→ RECORDED INFORMATION:
▬▬▬▬▬▬
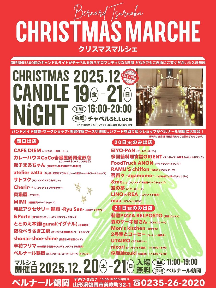 ベルナール鶴岡が、クリスマスのきらめきに包まれる3日間 12/19日(金)・20日(土)・21日(日) 3days 16:00~20:00 300個のキャンドルがチャペルを包む幻想的な空間へ ※19日はベルナール鶴岡のドリンク&フードのみ販売予定 12/20(土)・21(日) 2days 11:00〜19:00 ハンドメイド雑貨やワークショップ、この日だけのフードやドリンク 心も体も整うショップが両日合わせて30店舗も大集合する大イベント! 昼も夜も、特別なクリスマスを感じられる3日間 さむ~い冬はあたたかなベルナールの館内で ほっこりとしたひとときをお楽しみください 最新情報はストーリーズもしくはハイライトをチェック♡ |
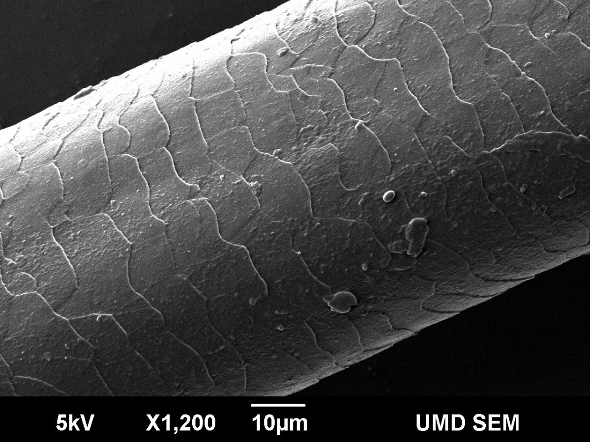 שערת אדם במיקרוסקופ אלקטרונים סורק | צילום, בריאן בנדלי; נלקח מהאתר NISE לחינוך מדעי
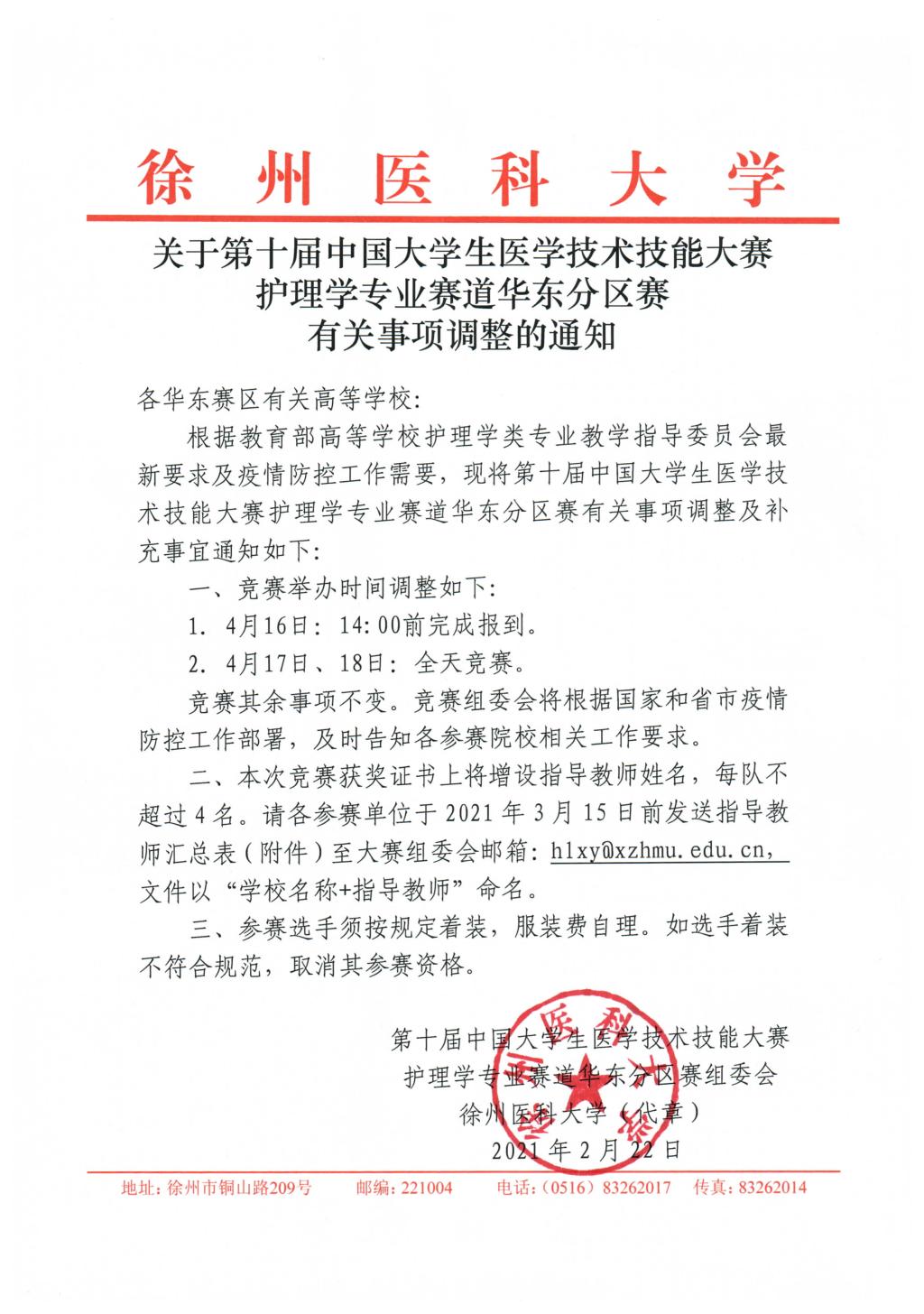 关于第十届中国大学生医学技术技能大赛护理学专业赛道华东分区赛有关事项调整的通知
▬▬▬▬▬▬
→ EXERCISE BRIEF: Return the data exactly. Do not carry over any images.

→ YOUR RESPONSE:
 ベルナール鶴岡が、クリスマスのきらめきに包まれる3日間 12/19日(金)・20日(土)・21日(日) 3days 16:00~20:00 300個のキャンドルがチャペルを包む幻想的な空間へ ※19日はベルナール鶴岡のドリンク&フードのみ販売予定 12/20(土)・21(日) 2days 11:00〜19:00 ハンドメイド雑貨やワークショップ、この日だけのフードやドリンク 心も体も整うショップが両日合わせて30店舗も大集合する大イベント! 昼も夜も、特別なクリスマスを感じられる3日間 さむ~い冬はあたたかなベルナールの館内で ほっこりとしたひとときをお楽しみください 最新情報はストーリーズもしくはハイライトをチェック♡ |
 שערת אדם במיקרוסקופ אלקטרונים סורק | צילום, בריאן בנדלי; נלקח מהאתר NISE לחינוך מדעי
 关于第十届中国大学生医学技术技能大赛护理学专业赛道华东分区赛有关事项调整的通知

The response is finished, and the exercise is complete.